Mexico needs to have a “thick skin” to deal with United States President Donald Trump, according to the newly-appointed ambassador to the U.S., who said that if he crosses the line it will be up to President López Obrador to decide on an appropriate response.
As Trump prepares to address the United States tonight on what he called yesterday “the humanitarian and national security crisis on our southern border,” Martha Bárcena is preparing to assume the role of Mexico’s top diplomat in Washington D.C.
The 61-year-old Veracruz native, who has previously been the Mexican ambassador to Denmark and Turkey, will present her credentials to Trump on Friday.
Bárcena called the United States president a “confrontational man” in an interview with the newspaper El Universal and described her job as an “enormous challenge” but vowed to “establish a new era” in bilateral relations between Mexico and the United States.
Ties between the two countries deteriorated after Trump took office in January 2017, with the U.S. president’s border wall proposal – and the source of its funding – a primary source of tension.
After a testy phone call between Trump and former president Enrique Peña Nieto last February, Mexican journalist Carlos Loret de Mola described the climate of relations between the two countries as “frozen.”
But Bárcena, who has 40 years’ experience in Mexico’s foreign service, believes that President López Obrador’s landslide victory in last year’s election provides a strong mandate for change at home and that acting on that mandate will, in turn, work to Mexico’s benefit abroad: in her case, within the context of Mexico’s relations with the United States.
“[When I] arrive in the United States . . . it won’t be business as usual, we’re going to do things differently and confront problems that for some time we know have worried not only . . . the United States but also our [other] principal partners, things like high-level corruption, insecurity and violence, which are already being confronted. All that provides strength to negotiate with the United States,” she said.

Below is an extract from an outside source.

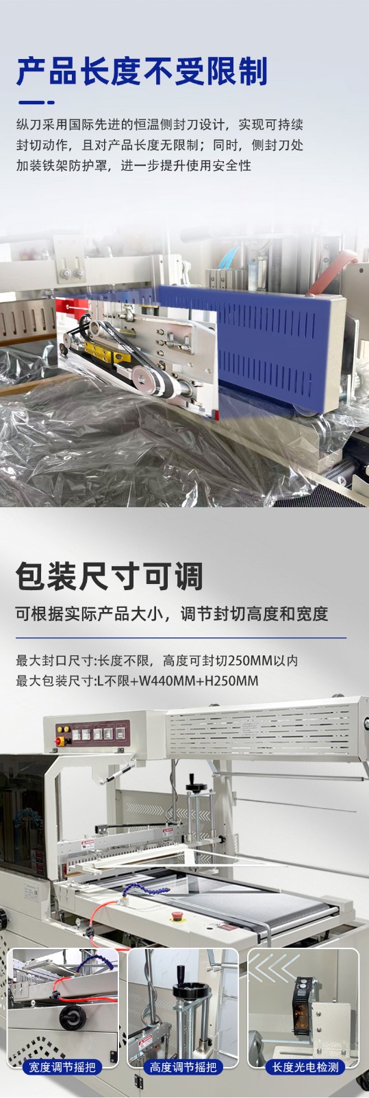 邊封機(jī)采用對(duì)折薄膜裹包產(chǎn)品的方式,形成環(huán)繞產(chǎn)品的薄膜 “套管”,僅對(duì)產(chǎn)品的側(cè)邊和尾部進(jìn)行封切。其中尾部封切是隨著產(chǎn)品連續(xù)輸送,由橫封刀實(shí)時(shí)下落完成相鄰產(chǎn)品的分隔封口,無需受設(shè)備框架尺寸制約。再加上水平和垂直兩組光電傳感器自動(dòng)偵測(cè)產(chǎn)品長(zhǎng)度,不管是短至幾厘米的小物件,還是長(zhǎng)至數(shù)米的鋁型材、木地板等,都能順暢完成包裝,不用更換適配不同長(zhǎng)度的部件。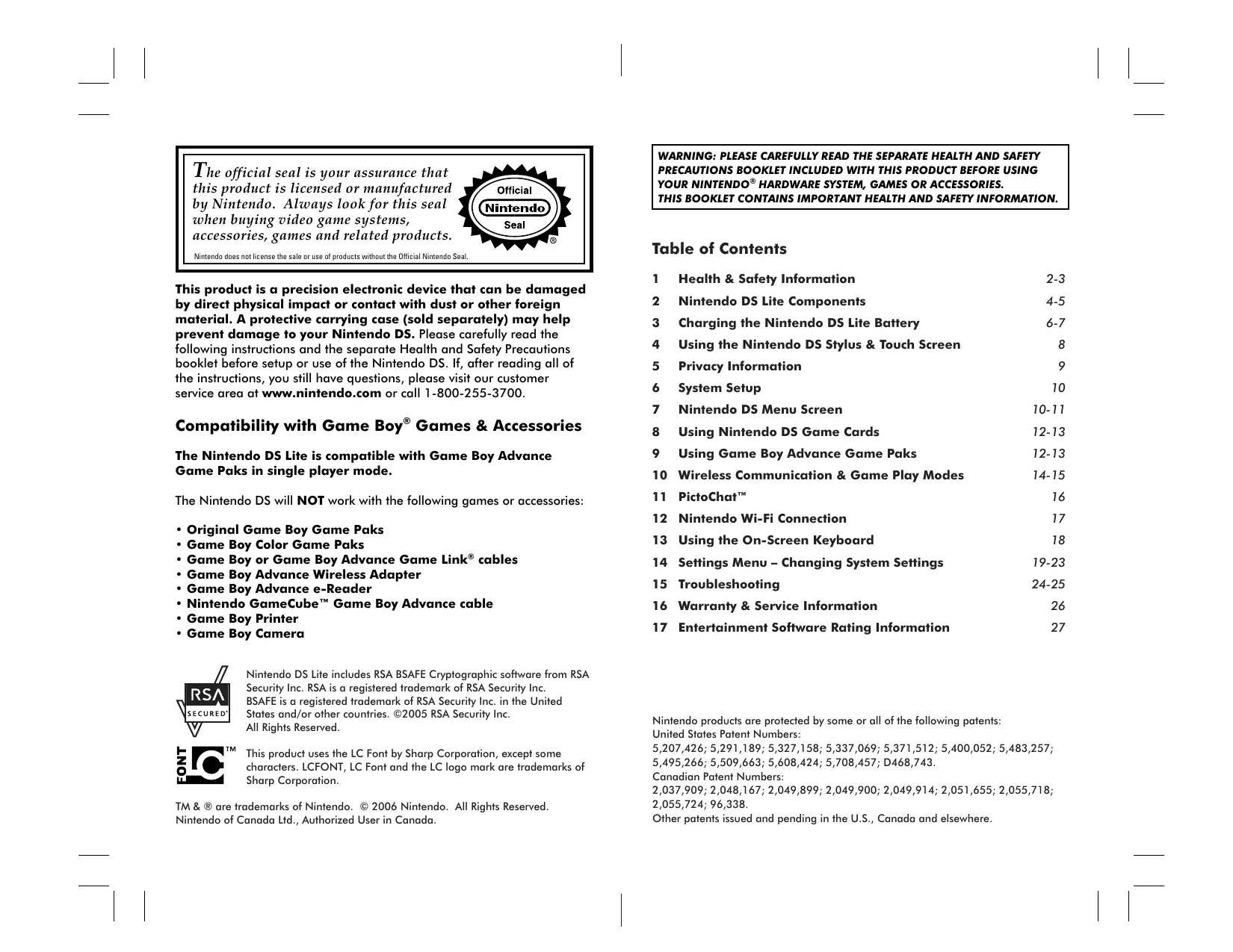 The official seal is your assurance that this product is licensed or manufactured by Nintendo. Always look for this seal when buying video game systems, accessories, games and related products. Official Seal Nintendo does ntlicense th sale or use of praduets without the Oficil Nimand Seal. This product is a precision electronic device that can be damaged by direct physical impact or contact with dust or other foreign material. À protective carrying case (sold separately) may help prevent damage to your Nintendo DS. Please carefully read the following instructions and the separate Health and Safety Precautions booklet before setup or use of the Nintendo DS. If, after reading all of the instructions, you still have questions, please visit our customer service area at www.nintendo.com or call 1-800-255-3700. Compatibility with Game Boy® Games & Accessories The Nintendo DS Lite is compatible with Game Boy Advance Game Pak in single player mode. The Nintendo DS will NOT work with the following games or accessories: + Original Game Boy Game Paks + Game Boy Color Game Paks + Game Boy or Game Boy Advance Game Link® cables + Game Boy Advance Wireless Adapter + Game Boy Advance e-Reader intendo GameCube” Game Boy Advance cable + Game Boy Printer + Game Boy Camera Nintendo DS Lite includes RSA BSAFE Cryptographic sofiware from RSA Security Inc. RSA is a registered trademark of RSA Security Inc BSAFE is a registered trademark of RSA Security Inc. in the United States and/or other countries. ©2005 RSA Security Inc. All Rights Reserved. This product uses the LC Font by Sharp Corporation, except some characters. LCFONT, LC Font and the LC logo mark are trademarks of Sharp Corporation. TM & ® are trademarks of Nintendo. © 2006 Nintendo. AI Rights Reserved. Nintendo of Canada Lid., Authorized User in Canada.

“One of the priorities this year is the ratification of the [trade] treaty between Mexico, the United States and Canada . . . Another priority will be to review . . . the situation of Mexicans in the United States, what immigration legislation is being presented in the Senate, the House of Representatives. You have to remember that it is the legislative power that has authority over immigration legislation,” Bárcena said.
The arrival of thousands of Central American migrants in northern border cities in the final two months of 2018, especially Tijuana, has further complicated relations between Mexico and the United States.
While the personal relationship between López Obrador and Trump has thus far been largely respectful, Bárcena acknowledged that the bilateral relationship is at a critical point.
“. . . When President López Obrador spoke to me just after the elections to express his interest in me being his ambassador in Washington, I knew it was an enormous challenge but I didn’t imagine that I was going to arrive in the United States in such a tense and polarized situation as there is now. It’s an enormous challenge,” Bárcena said.
Asked what her approach would be for dealing with Trump, especially considering his predilection for using Twitter to fire off broadsides whose targets have included the Mexican government, Bárcena responded that it would largely be through the institutions of the United States government.
“The ambassador and the embassy have to be aware of what President Trump says because he’s the leader of the United States but dialogue between ambassadors and the president of another country is not daily,” she said.
The new ambassador opined: “I believe that in some matters, you have to have a thick skin. In other matters, you have to know where the line is . . . I would hope, I believe that President Trump is conscious of the importance of Mexico, I think that he has to be careful . . .”
Bárcena claimed that Trump “is a confrontational man in everything, not just with Mexico,” adding that if he does cross the line “the final decision about what should be done is for the president [López Obrador] himself.”
However, she warned that “intervening constantly” in the debate about the border wall and border security in the United States “probably won’t take us or lead us to anything positive.”
Asked whether López Obrador would take up Trump’s invitation to travel to the White House, Bárcena said that it would depend on how relations between Mexico and the United States evolve as well as the respective schedules of the two presidents.
Reminded of López Obrador’s assertion that he would only go to Washington if there was “a motive” or something important to announce, Bárcena responded: “In that case, I’ll have to get down to work so that there are important things to announce.”
Another diplomatic position waiting to be filled is that of the U.S. ambassador to Mexico. The position has been vacant since Roberta Jacobson resigned and left the post last May.